The music? It’s fine. Never felt the need to listen to a Doors album compulsively or anything, but they’re fine.

Short and lucid interview with Jim Morrison on Canadian Broadcasting with Tony Thomas

Not to mention dozens of major poets who wrote in languages other than English…

Yes, them too!

Ooops, I didn’t see Neruda in your list.

So I guess : Guillaume Apollinaire, Pierre Reverdy, Paul Valéry, Rainer Maria Rilke, Saint-John Perse and Henri Michaux :wink: .

That you must never go down to the end of the town if you don’t go down with me.

Not sure how many are going to bite, Annie, but I loved it.

I have a rambling story under

C - other - Jim Morrison’s grave.

Back at the end of the '80s, Mrs Trep and I were staying in Paris at a friend’s apartment.

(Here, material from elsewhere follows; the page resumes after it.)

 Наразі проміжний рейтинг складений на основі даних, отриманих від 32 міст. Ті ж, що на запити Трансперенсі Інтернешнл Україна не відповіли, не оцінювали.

He took us out to Père Lachaise Cemetery - where Jim is buried, of course. I don’t suppose much has changed - it’s a place of pilgrimage amongst the graves of the great and the good, on whose last resting places directions have been written, viz:* {arrow pointing} Jim, 75m*.

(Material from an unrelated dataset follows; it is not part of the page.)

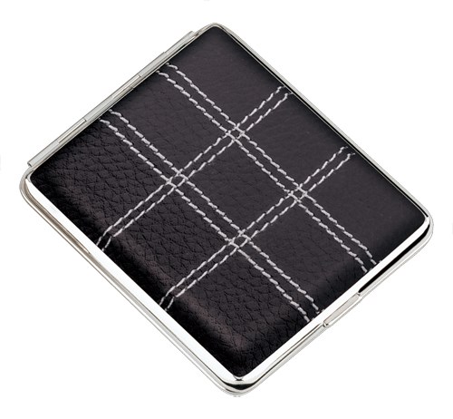 Портсигар S.Quire, сталь+натуральная кожа, черный цвет с прострочкой, 74*95*18 мм

Anyway, back at the apartment, our friend, who had recently been to the States, had a couple of fascinating books about something called The Straight Dope. I was very rude - I read both of them cover-to-cover while we were staying there.

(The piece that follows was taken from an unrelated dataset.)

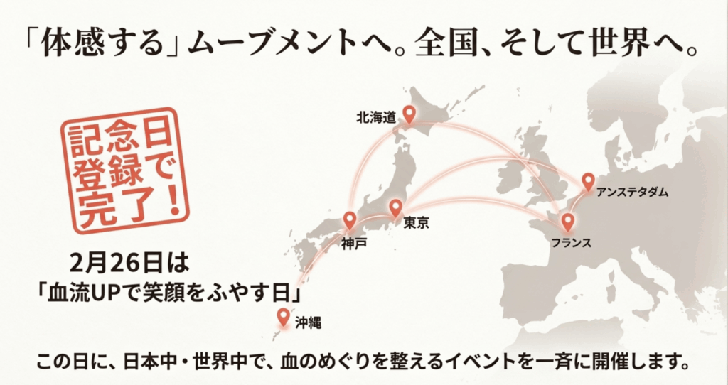 そして嬉しいことに、この想いに共感してくれた日本中・世界中の仲間たちが立ち上がり、この記念日に合わせて、あなたが実際に血流アップを「体感」できる特別な場を用意してくれました。

Subsequently, whenever I was in a second-hand bookshop (never published in the UK, so far as I am aware), I would take a look for them just on the off chance. When the internet was invented and I got access, I took a look for them there and - wowee, a website! So that’s one thing I learned (kind of) from Jim. And here I am.

j

Thanks! I was actually surprised nobody beat me to it.

For those who did not get it click here

(And thanks to my older brother James, who greatest legacy to me was his love of early 1960’s folk music. Which was at the top before those four lads from Liverpool took the music scene over.)

I learned that, apparently, fat, drunk, and stupid IS a way to go through life, albeit in the short term.